Apache’s default page should run on port 8000. Run a test web server on port 8001 in the current directory with:

cd /tmp
python3 -m http.server 8001

curl 127.0.0.1:8000 should show the Apache default page (source) curl 127.0.0.1:8001 should show a “directory listing” (source) if the python3 http.server is still running. Mind that the AWS security group will only allow traffic on ports 22 (SSH), 80 (HTTP), and 443 (HTTPS).

Routing

In Amazon’s Route53, create a hosted zone, add aliases to your domain name. In your domain registrar’s management console, set your domain’s name servers to those given to you by Route53 in your hosted zone.

  • AWS management console > Route53 > Create Hosted Zone
  • Name: your domain name, e.g. yes-we-ckan.org
  • Add “A - IPv4 address” record with value (paste your Elastic IP) for both yes-we-ckan.org and *.yes-we-ckan.org
  • Make note of the NS (name servers)

Web domain

Buy a domain, e.g. yes-we-ckan.org and allow a day or two to activate. The domain registrar will allow to set custom name servers. Change the domain’s DNS servers to your Route53 hosted zone’s name servers (allow up to 48h to activate). E.g.:

ns-1490.awsdns-58.org ns-521.awsdns-01.net ns-224.awsdns-28.com ns-1884.awsdns-43.co.uk

This will make requests to that domain use AWS’s DNS servers, which will pick up Route 53’s hosted zone pointing to your AWS VM. Nginx takes care of redirecting subdomains to internal ports.

Virtualenv

We’ll install virtualenv and virtualenvwrapper as to keep installations of Python package requests contained in venv sandboxes, where they can’t break pip. We will also append custom virtualenvwrapper settings to ubuntu’s bashrc.:

sudo apt-get install -y python-pip sudo pip install virtualenvwrapper

cat <<EOF >> /home/ubuntu/.bashrc export WORKON_HOME=/var/venvs export PROJECT_HOME=/var/projects source /usr/local/bin/virtualenvwrapper.sh EOF

Apply with logout/login or source ~/.bashrc

Github SSH keys

As user ubuntu, run ssh-keygen and register the public key from /home/ubuntu/.ssh/id_rsa.pub in your Github and / or Bitbucket accounts to enable ssh authentication. This will enable you to push to your code repositories.

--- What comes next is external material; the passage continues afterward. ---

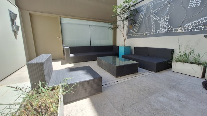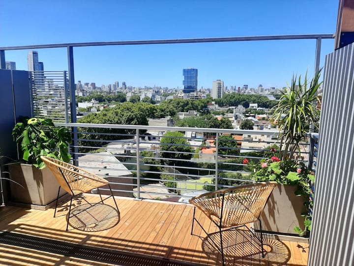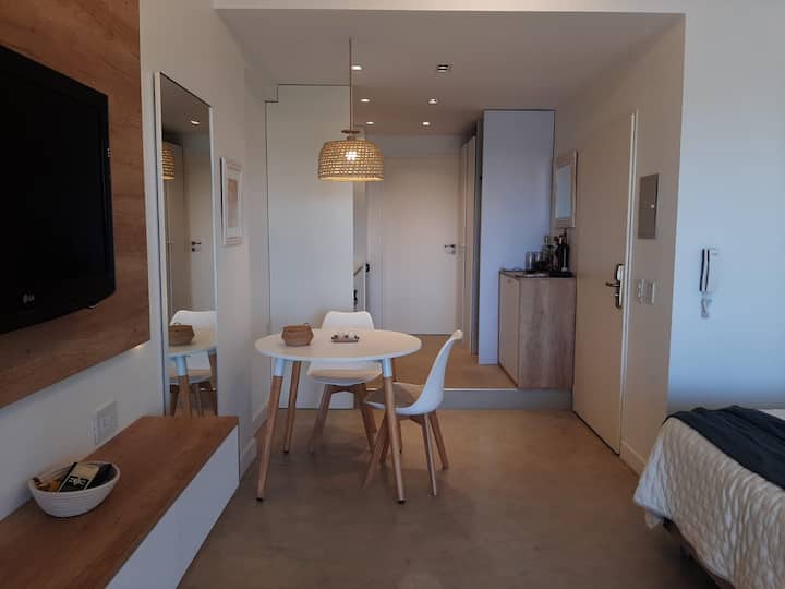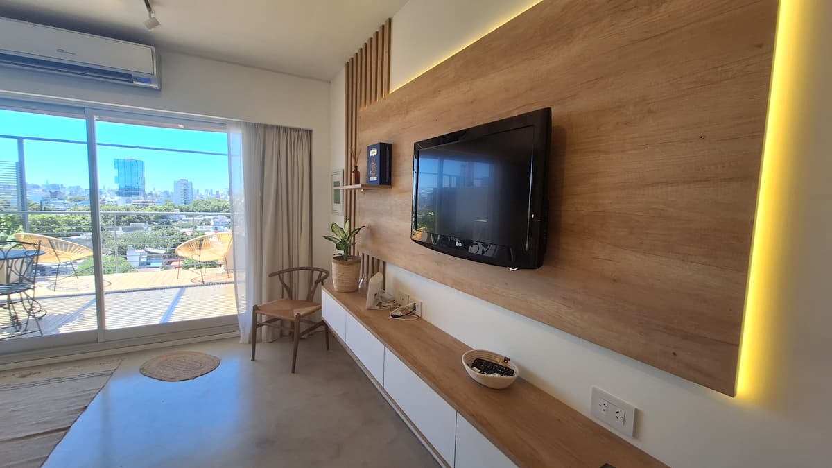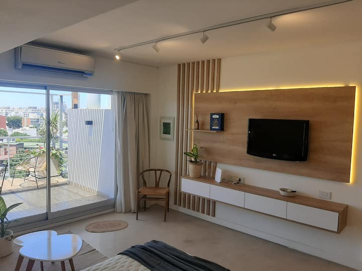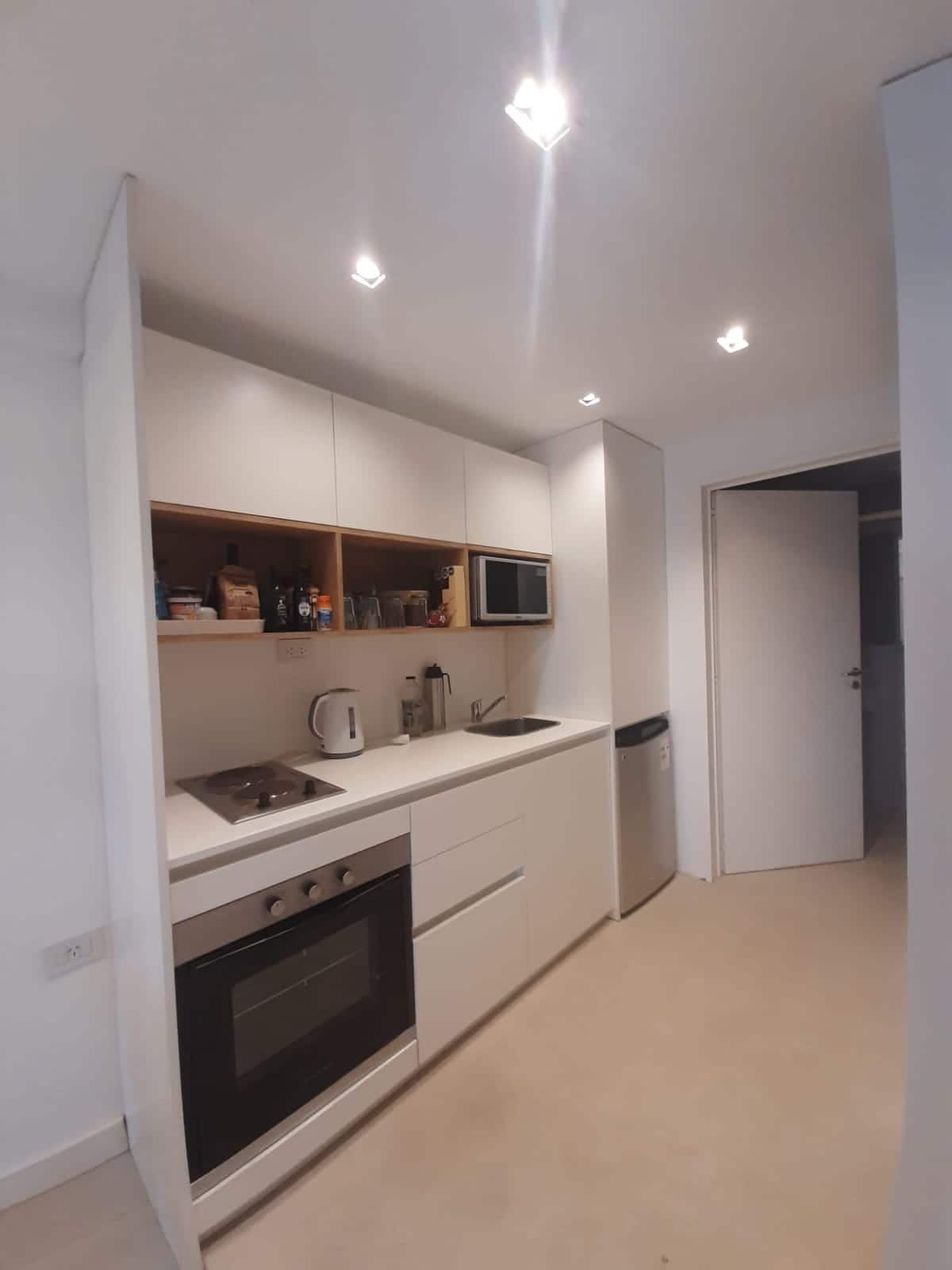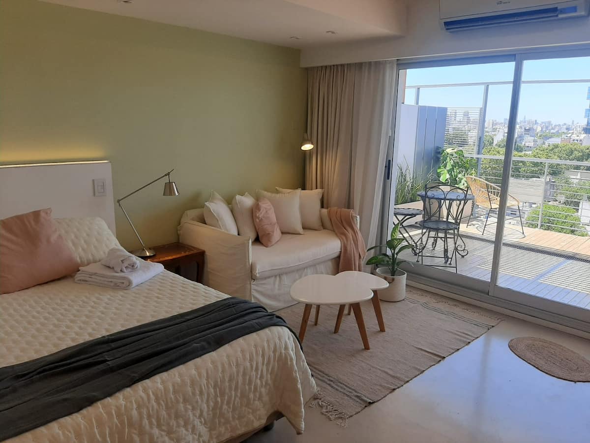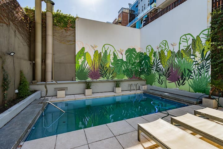 Квартира-студия площадью в Colegiales, после полной реконструкции. Окна выходят на внутренний двор, есть бассейн. Меблировка и набор мебели или техники в объявлении не указаны.
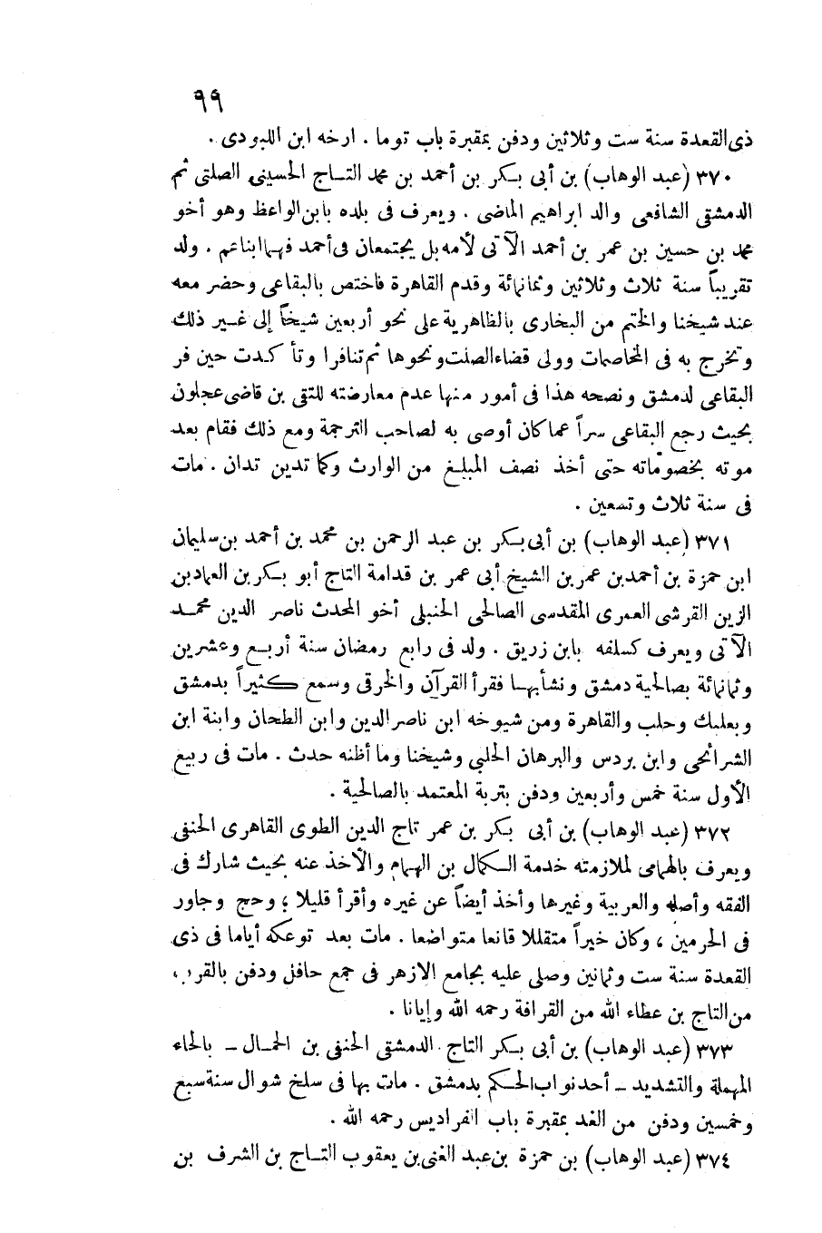 عبد الْوَهَّاب بن أبي بكر بن عبد الرَّحْمَن بن مُحَمَّد بن أَحْمد بن سُلَيْمَان بن حَمْزَة ابْن أَحْمد بن عمر بن الشَّيْخ أبي عمر بن قدامَة التَّاج أَبُو بكر بن العمادين الزين الْقرشِي الْعمريّ الْمَقْدِسِي الصَّالِحِي الْحَنْبَلِيّ أَخُو الْمُحدث نَاصِر الدّين مُحَمَّد الْآتِي وَيعرف كسلفه بِابْن زُرَيْق. ولد فِي رَابِع رَمَضَان سنة أَربع وَعشْرين وَثَمَانمِائَة بصالحية دمشق وَنَشَأ بهَا فَقَرَأَ الْقُرْآن والخرقي وَسمع كثيرا بِدِمَشْق وبعلبك وحلب والقاهرة وَمن شُيُوخه ابْن نَاصِر الدّين وَابْن الطَّحَّان وَابْنَة ابْن الشرايحي وَابْن بردس والبرهان الْحلَبِي وَشَيخنَا وَمَا أَظُنهُ حدث. مَاتَ فِي ربيع الأول سنة خمس وَأَرْبَعين وَدفن بتربة الْمُعْتَمد بالصالحية.

To make connecting a local terminal to a remote VM using SSH easier, add to your local ssh config ~/.ssh/config:

Host ALIAS
    HostName ec2-IP.NODE.compute.amazonaws.com
    User ubuntu
    IdentityFile ~/.ssh/MYKEY.pem

This allows to SSH into HostName as User with IdentityFile by simply typing ssh ALIAS. Capitalised terms will differ.

Disaster recovery

On the AWS level, create snapshots of the VM and linked storage volumes. All servers should be shut down when the snapshots are taken. We recommend maintaining a rolling daily snapshot for 30 days.

On the VM level, we recommend to:

  • Export all data from CKAN, RStudio home directories, RShiny app directories to Amazon S3
  • Script setup of server (= automate the steps of this documentation) and import of data from S3
  • Schedule the backup daily or as required
  • Create Amazon Auto Scaling Group, min and max instance no = 1 to create an “auto-rebuild” instance

If the instance should go down, the auto scaling group will create a new instance and restore the data from the S3 backup.

Result

Now we’ll have an Amazon AWS VM to which we can

  • add servers running on custom ports (served through Apache2 or their own web servers),
  • reverse proxy the ports in Nginx to subdomain names like my-subdomain.yes-we-ckan.org,
  • reload service nginx to apply these changes.

CKAN

This chapter documents a CKAN install using Datacats. Features:

  • Datacats will be installed from source inside a virtualenv.
  • The virtualenv will live in /var/venvs/ckan.
  • The datacats installation and environments will live in /var/projects/ckan.
  • The datacats data dir ~/.datacats is symlinked to /mnt/btrfsvol/datacats_data.
  • The directory /var/lib/docker contains all docker images.
  • The directories /var/venvs, /var/projects and /var/lib/docker are symlinked to the external 100 GB volume /mnt/btrfsvol/.
  • Nginx will be configured to reverse-proxy custom subdomain to servers running on local ports.
  • The domain hosting redirects requests to the custom subdomains to the VM’s static IP.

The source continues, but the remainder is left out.